Venture capital firm Elevation Capital eyes newer investment themes in step with the evolving start-up ecosystem. Investing in India since 2002, the fund has backed unicorns such as Acko FirstCry and NoBroker. Amit Aggarwal, Principal at the fundhouse, discusses the firm’s investment strategy and future roadmap. Edited excerpts from the interview:


Which are the newer investment themes in focus?

There are four key areas we are active in — broadly they are consumer tech, consumer brands, fintech and fin-services, and SaaS [software as a service]. In addition, over the last six to 12 months, we have been spending a fair bit of time on emerging areas like climate tech and space tech. Gaming is breaking out in a major way. Some early signs of green shoots we’re starting to see in manufacturing. Even in these new areas, we’ve done a few deals; we are continuing to see a lot of activity. 


At which stage do you prefer to enter?

Fundamentally, we are a seed-stage investor. A bulk of our focus remains on partnering with the founders as the first institutional check. At the same time, we have larger pools of capital now; we are pretty flexible, so we can partner at later stages, at growth (stage) also. 


What are your investment targets in FY25?

In terms of investments, we are a fairly selective fund; so while we look at every sector, we end up doing 12-15 deals every year. This is the pace we are comfortable with, when it comes to new deals. Last year, too, we did 12 new deals and nine follow-ons. This year we aim for the same pace. 


Can you elaborate on your growing focus on the consumer business?

Consumer internet [companies that base their revenues on online transactions across categories] itself goes through cycles of belief and disbelief. As long-term investors, we’ve invested across cycles. At a macro level, some fundamental themes excite us. One, many more large marketplaces will be built in the Indian context, as there is rising affluence in the consumer class and the needs are more nuanced. We are also excited about consumer brands; we are seeing some of these brands starting to create large outcomes — the kind of outcomes big VC funds need. The third inflection point we’ve seen in the last one or two years is actually around the media and content platforms. 
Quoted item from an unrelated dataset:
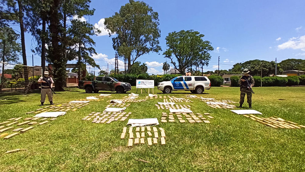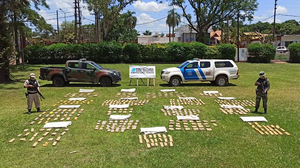 Durante un patrullaje de rutina, este viernes efectivos de la Prefectura Naval Argentina incautaron 328,700 kilogramos de marihuana en el Paraje Istueta de Puerto Iguazú.
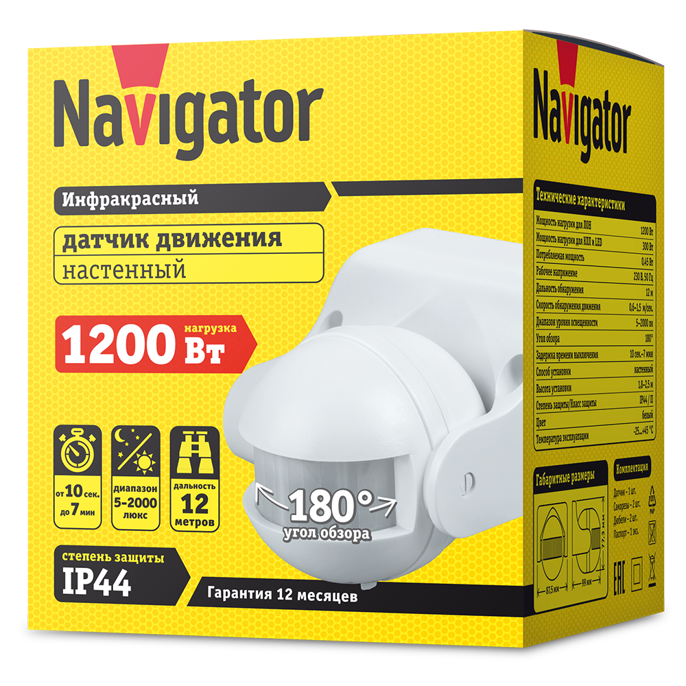- Дальность обнаружения, м IP44

What is your exit strategy? Will you exit PayTM?

PayTM is a publicly listed company and I won’t be able to comment on that. Generally, when we think about exits, we think of both IPOs [initial public offering] and M&As [mergers and acquisitions], depending on the journey of the company. Over the next three to five years, we think the market will be conducive to more and more IPOs and M&As. It was muted over the past year or so. Now we see a lot of optimism, activity coming up.